Start of EXERCISE MATERIALS

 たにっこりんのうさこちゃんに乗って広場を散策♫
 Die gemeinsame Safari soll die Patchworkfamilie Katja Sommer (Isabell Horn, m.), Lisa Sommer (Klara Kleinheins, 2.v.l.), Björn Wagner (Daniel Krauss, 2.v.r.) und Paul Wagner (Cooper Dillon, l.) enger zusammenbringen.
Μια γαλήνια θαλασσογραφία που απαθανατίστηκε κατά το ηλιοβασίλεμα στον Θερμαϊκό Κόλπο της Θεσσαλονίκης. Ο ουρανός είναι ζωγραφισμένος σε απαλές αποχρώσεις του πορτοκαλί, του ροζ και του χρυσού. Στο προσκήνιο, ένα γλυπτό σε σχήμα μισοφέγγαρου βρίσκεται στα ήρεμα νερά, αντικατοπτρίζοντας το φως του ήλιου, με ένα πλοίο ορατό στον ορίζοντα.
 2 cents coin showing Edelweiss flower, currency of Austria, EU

End of EXERCISE MATERIALS
Start of EXERCISE MATERIALS

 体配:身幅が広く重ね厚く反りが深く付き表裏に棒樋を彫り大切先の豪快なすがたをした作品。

End of EXERCISE MATERIALS
Start of EXERCISE MATERIALS

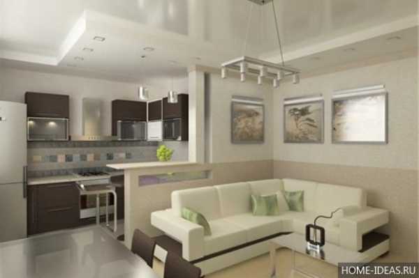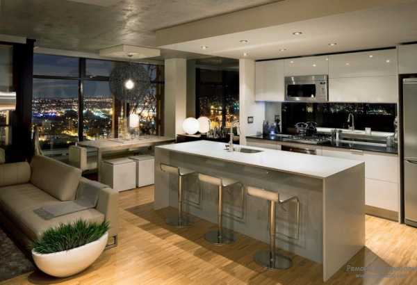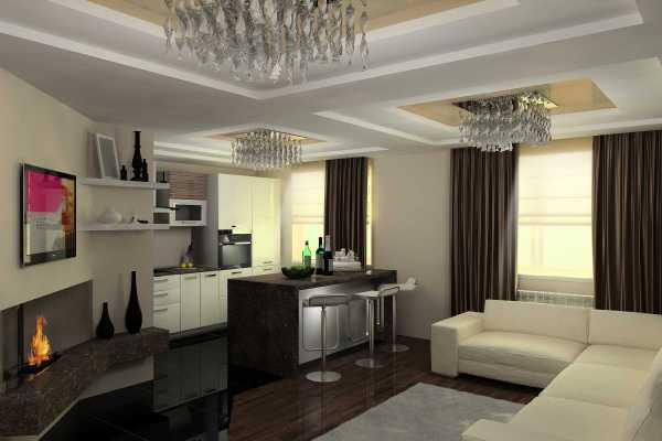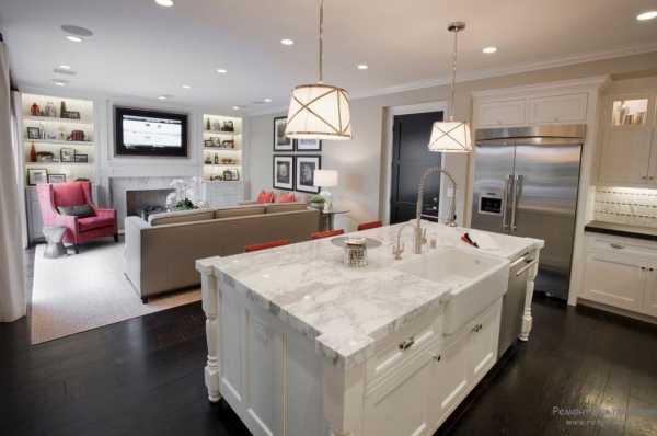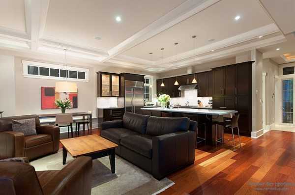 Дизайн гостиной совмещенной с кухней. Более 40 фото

End of EXERCISE MATERIALS

**ACTION ITEM**
Beginning with the line above that contains "たにっこりんのうさこちゃんに乗って広場を散策♫", copy each line exactly up to and including the line that contains "2 cents coin", and go no further.

**YOUR SOLUTION**
 たにっこりんのうさこちゃんに乗って広場を散策♫
 Die gemeinsame Safari soll die Patchworkfamilie Katja Sommer (Isabell Horn, m.), Lisa Sommer (Klara Kleinheins, 2.v.l.), Björn Wagner (Daniel Krauss, 2.v.r.) und Paul Wagner (Cooper Dillon, l.) enger zusammenbringen.
Μια γαλήνια θαλασσογραφία που απαθανατίστηκε κατά το ηλιοβασίλεμα στον Θερμαϊκό Κόλπο της Θεσσαλονίκης. Ο ουρανός είναι ζωγραφισμένος σε απαλές αποχρώσεις του πορτοκαλί, του ροζ και του χρυσού. Στο προσκήνιο, ένα γλυπτό σε σχήμα μισοφέγγαρου βρίσκεται στα ήρεμα νερά, αντικατοπτρίζοντας το φως του ήλιου, με ένα πλοίο ορατό στον ορίζοντα.
 2 cents coin showing Edelweiss flower, currency of Austria, EU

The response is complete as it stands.